2 Responses to “The trouble with digital books”

  1. Hal Grossman Says:

    Thank you for raising a timely topic. As libraries come to view digital access to a book as a substitute for buying the book in print, access for outsiders can actually narrow. A library has the right to lend a print copy of a book that it owns to anyone. That copy is then unavailable to the library’s other users. This arrangement breaks down when it comes to digital books.

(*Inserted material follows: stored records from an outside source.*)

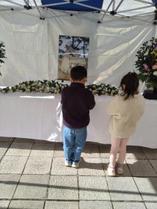この日は土曜日でしたが、駅前で献花が行われていたのでお子さまと行ってきました。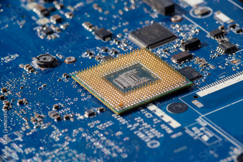 blue microcircuits electronic Computer security, IT technology neural networks Macro close up circuit board texture.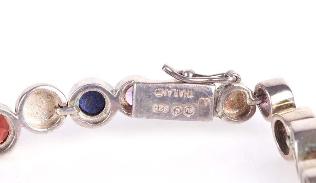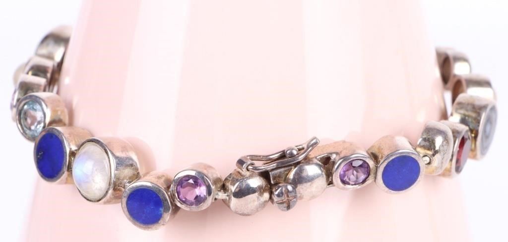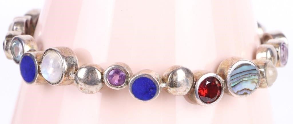 Multi-gemstone sterling silver ladies bracelet to include lapis, moonstone, cubic zirconium, abalone and more.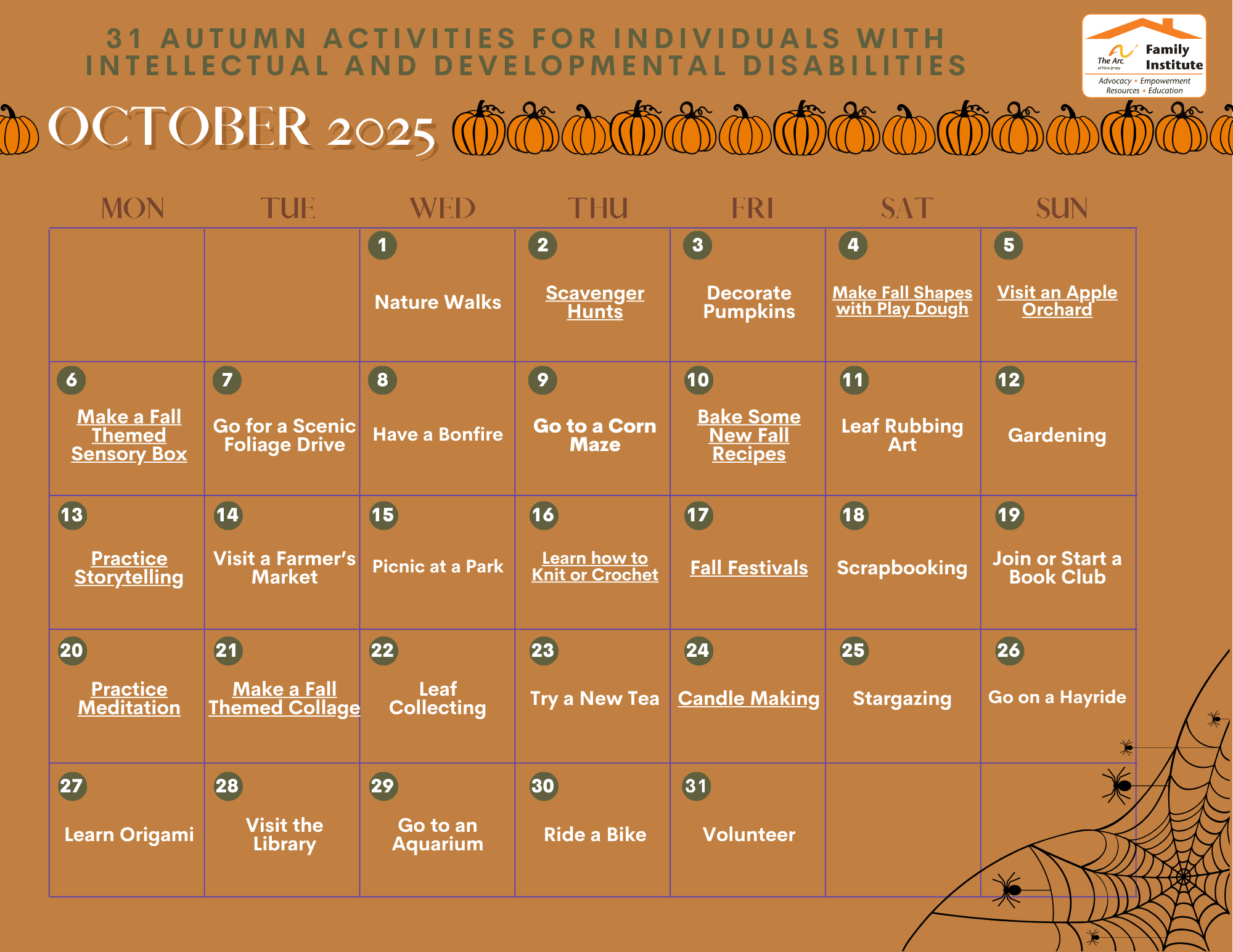 FI Calendar for October 2025 - 31 Autumn Activities For Individuals with Intellectual and Developmental Disabilities
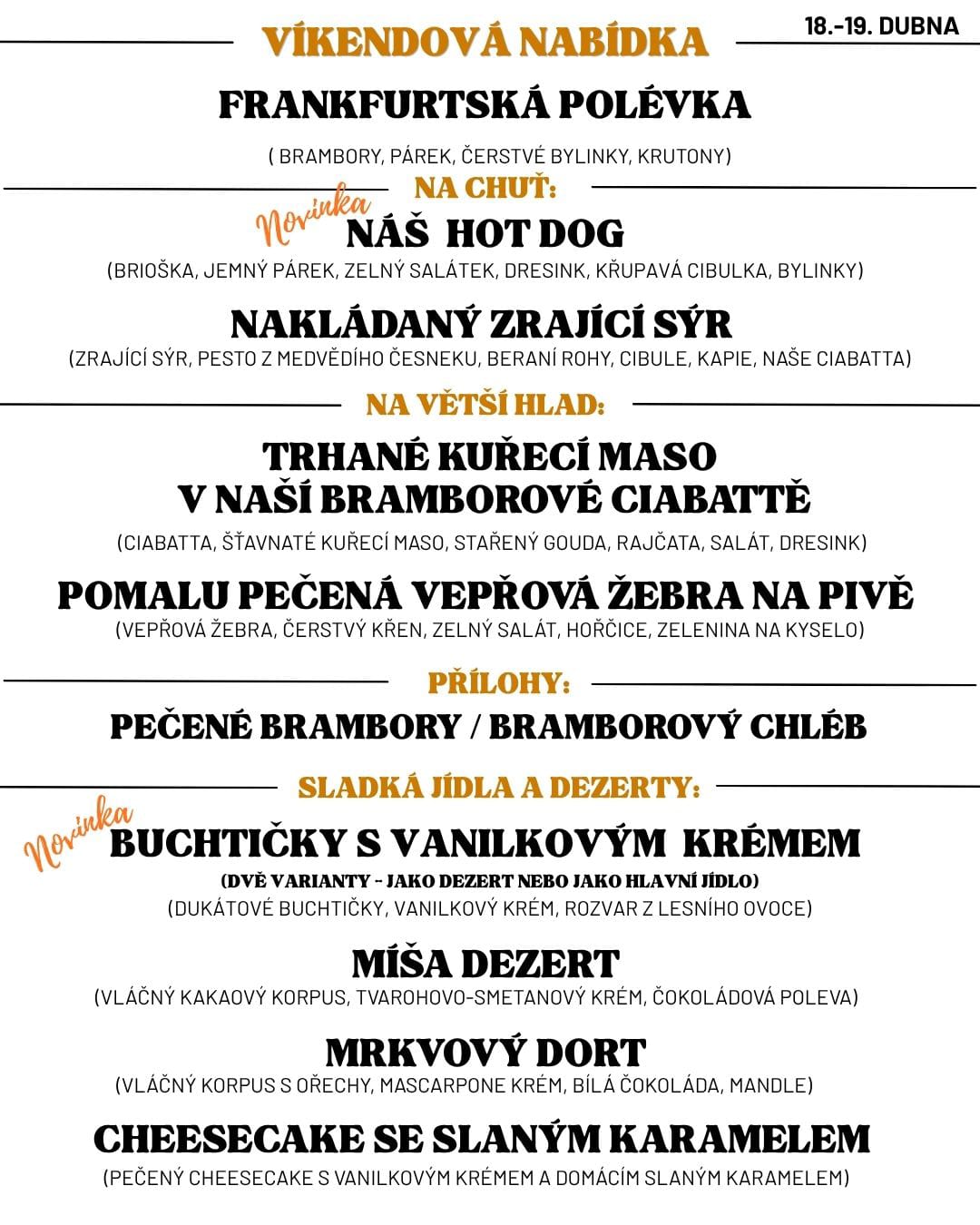 Nejaktuálnější akce, novinky, menu i změny v otvírací době sledujte na naší facebookové stránce. Těšíme se na vaší návštěvu!

    I wonder what other university systems comparable to CUNY are doing, for example SUNY or the Cal State system.

  2. tony doyle Says:

    Herman Tavani (whom I mentioned in my previous post) talks about how the so called information commons is being adversely affected by digitization and legislation devised to protect the “rights” of copyright owners of digital material. He’s especially critical of the 1998 Digital Millennium Copyright Act (DMCA), which restricts access and use of digital information. He adduces interlibrary loan as one example:

    “ . . . consider the case of interlibrary loan practices involving physical books. Such practices have not only benefitted individuals, but arguably also have contributed to the public good by supporting the ideal of an information-sharing community. If the books that we were so easily able to borrow in the past become available only in digitized form in the future, it may no longer be possible to access them freely through an interlibrary loan system. By granting copyright holders of digital media the exclusive right to control how electronic (versions of) books are access and used, the DMCA can easily discourage the sharing of information between libraries. So as more books become available only in digital form, the information they contain may be less accessible to ordinary individuals in the future, which will further diminish the info commons” (“Locke, Intellectual Property Rights, and the Information Commons,” Ethics and Information Technology (2005) 7: P. 94).